1. Review: Iteration
2. Details: *iterables*, *iterators*, `iter`, and `next`
3. Implementing iterators with classes
4. Implementing iterators with *generators* and `yield`

## 1. Iteration

*Iteration* simply refers to the process of accessing — one by one — the items stored in some container. The order of the items, and whether or not the iteration is comprehensive, depends on the container.

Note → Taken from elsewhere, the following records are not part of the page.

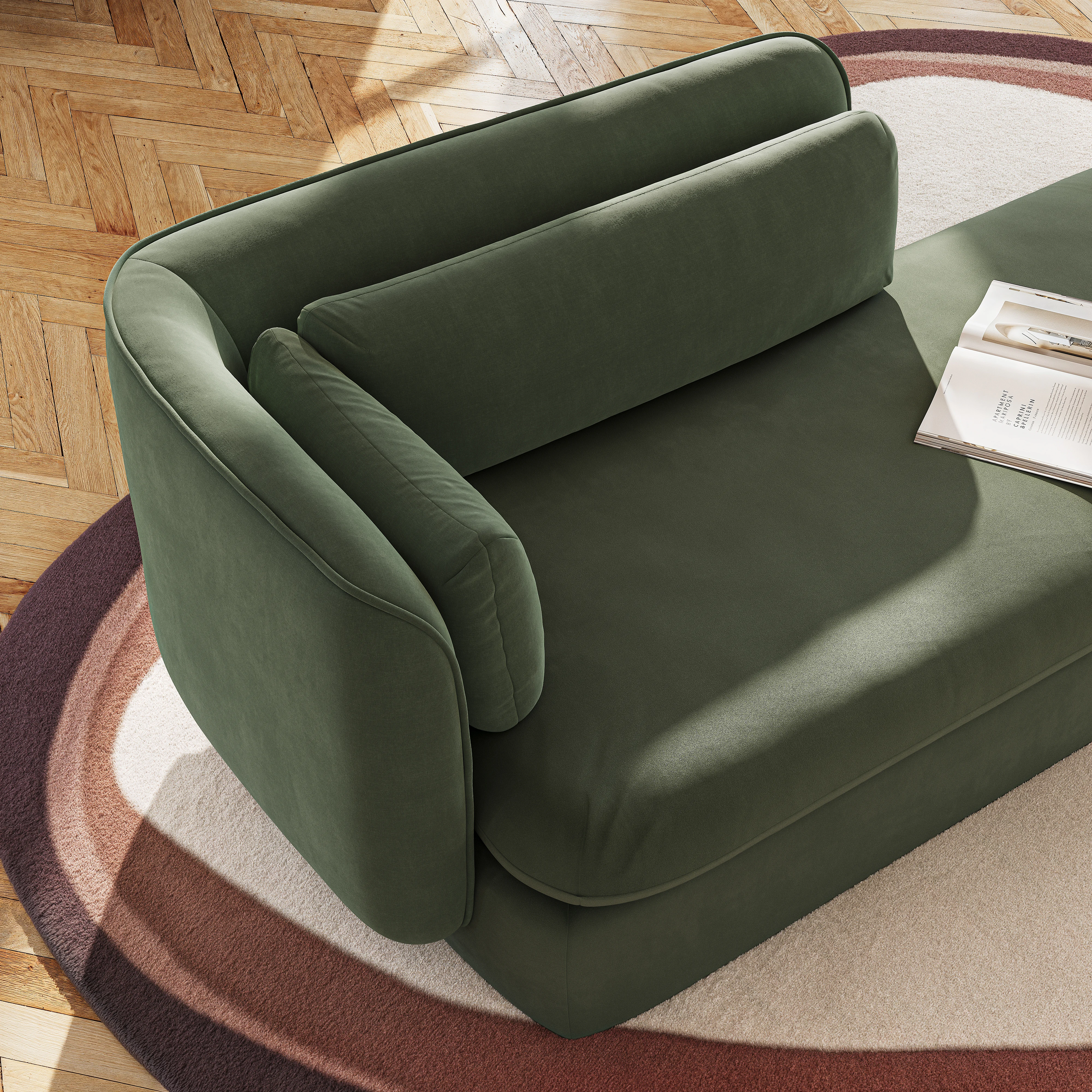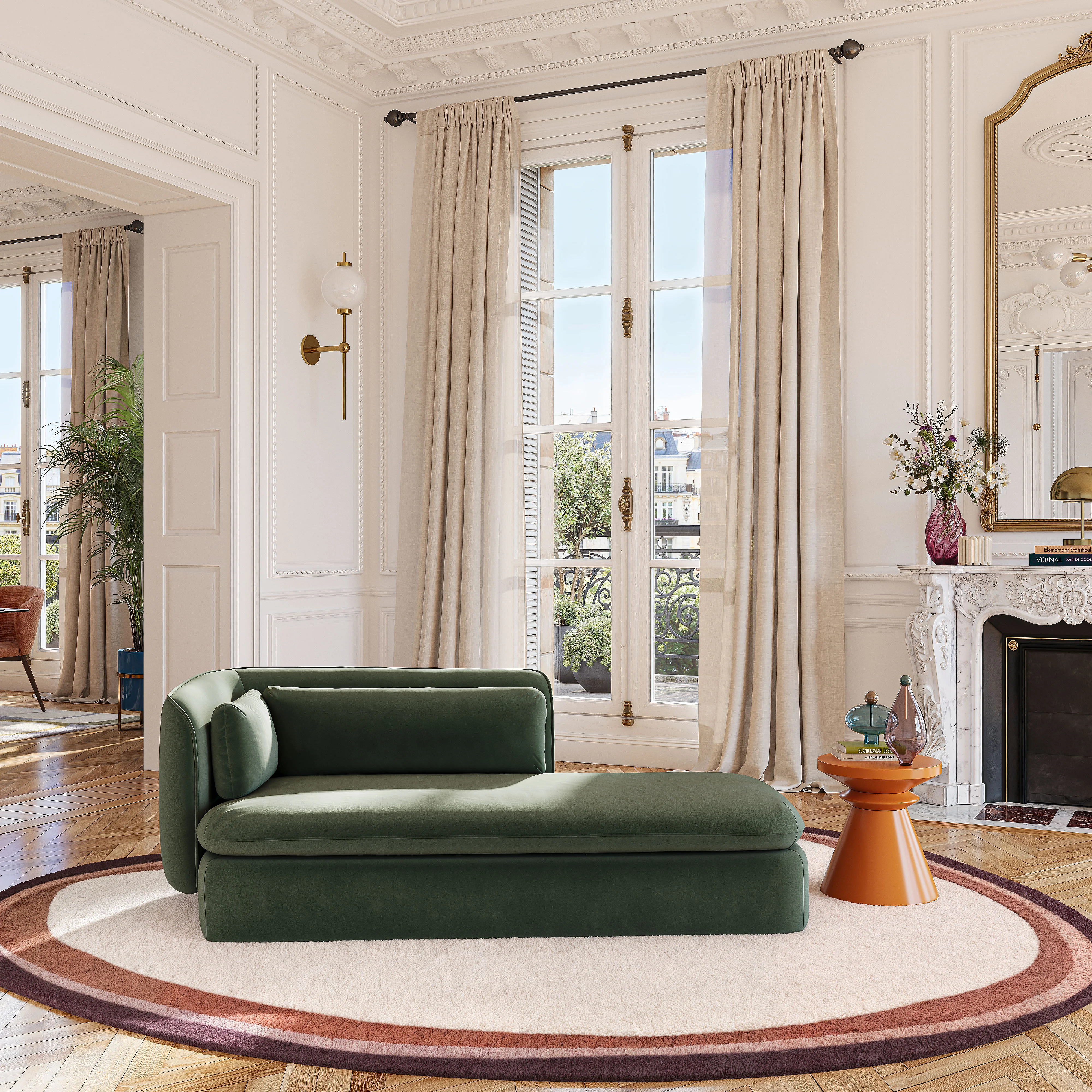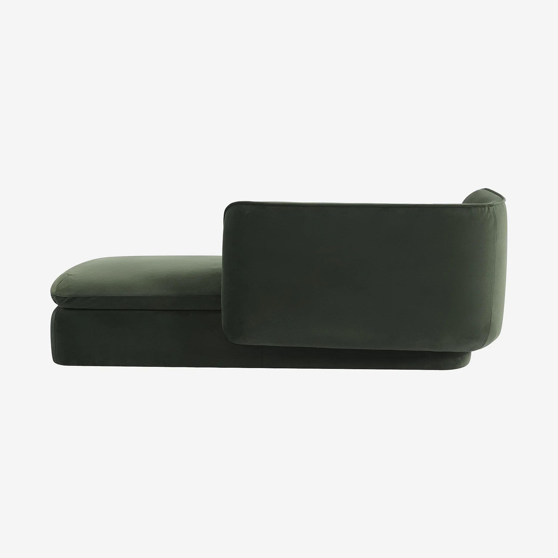 Langwerpige vorm, vloeiende lijnen en royale zitting, deze chaise longue nodigt uit tot ontspanning. Een elegante toevoeging om een zachte uitstraling aan uw woonkamer te geven.
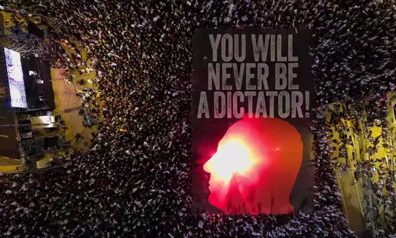 തെൽഅവീവിനെ പിടിച്ചുകുലുക്കിയ പ്രക്ഷോഭമാണ് ഇന്നലെ നടന്നത്. 1,10,000 പേർ പ്രകടനത്തിൽ പങ്കെടുത്തെന്ന് ഇസ്രായേൽ മാധ്യമമായ 'ചാനൽ 12' റിപ്പോർട്ട് ചെയ്യുന്നു. മറ്റ് ഇസ്രായേൽ നഗരങ്ങളിലും പ്രതിഷേധം അരങ്ങേറിയിരുന്നു. ഇസ്രായേൽ പതാകകൾ ഉയർത്തിയാണ് ജനങ്ങൾ തെരുവിലിറങ്ങിയത്.
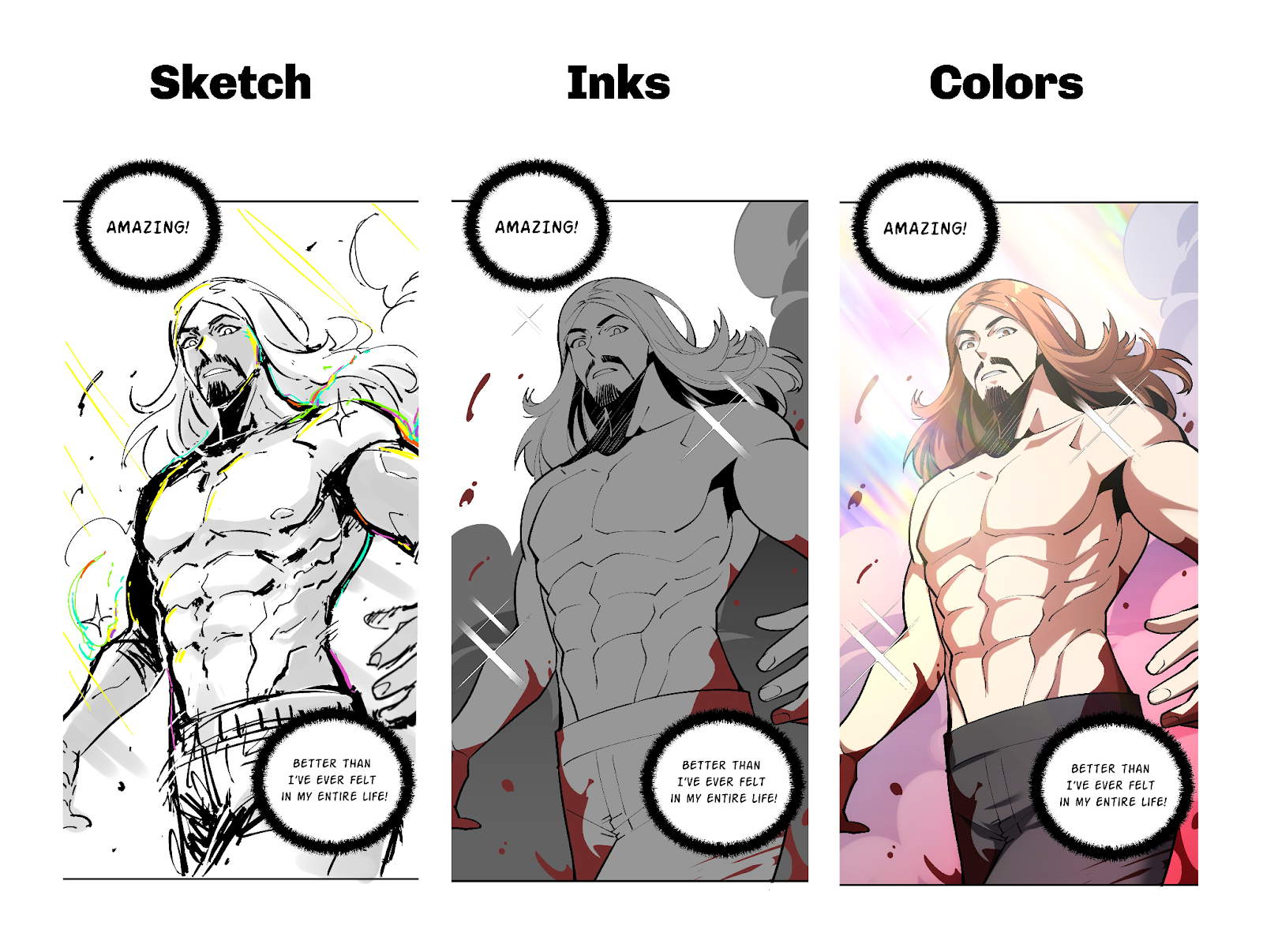 Yes, that really is a six-pack on Asmongold in Episode 1…consider it the magic of comic panels at work. To show how his look came together, we’ve included a panel in three stages: sketch, inks, and full color. The sketch lays the groundwork, the inks sharpen his form, and the final color pass somehow delivers a six-pack worthy of a fantasy MMO trailer. How he maintains it remains a mystery…maybe this is what Asmon really looks like after one too many react streams.
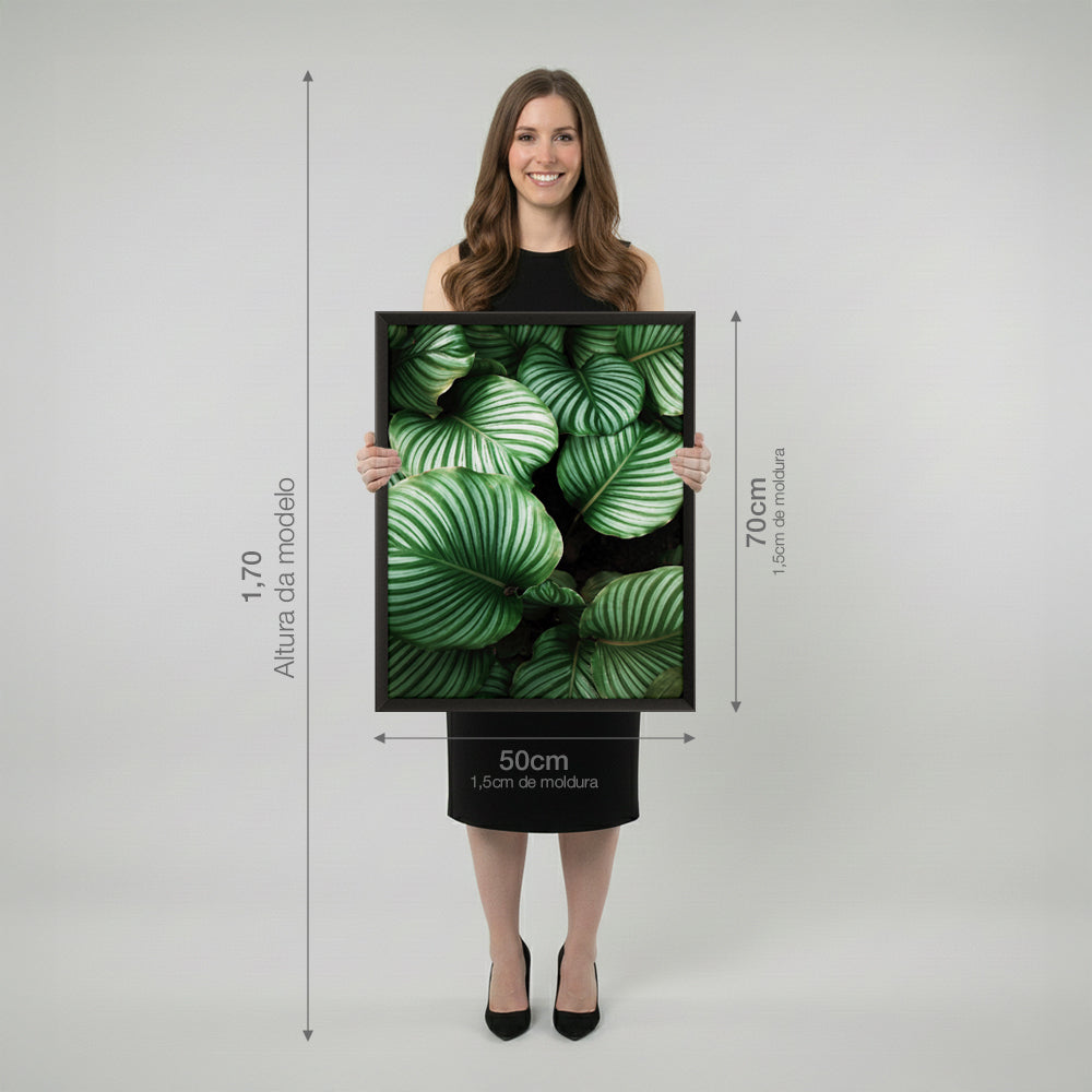 Quadro Planta Folhas Coração com e sem Vidro Moldura 3D Preta - Médio 50x70cm
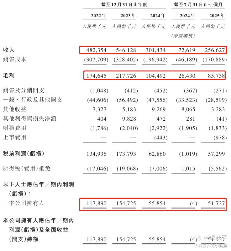截至2024年12月31日止3个年度、2024年及2025年前7个月:

In Python, we typically perform iteration using the `for` loop.

In [1]:
for i in range(10):
    print(i)

0
1
2
3
4
5
6
7
8
9


In [2]:
for c in 'CS 331':
    print(c)

C
S
 
3
3
1


In [3]:
for e in [3.14, 'hello', True]:
  print(e)

3.14
hello
True


In [4]:
for n in {5, 6, 7, 5, 3, 0, 9}:
  print(n)

0
3
5
6
7
9


In [5]:
for k,v in {'a': 'aardvark', 'b': 'bear', 'c': 'cat'}.items():
    print(f'{k} -> {v}')

a -> aardvark
b -> bear
c -> cat


## 2. *iterables*, *iterators*, `iter`, and `next`

We can iterate over anything that is *iterable*. Intuitively, if something can be used as the source of items in a `for` loop, it is iterable.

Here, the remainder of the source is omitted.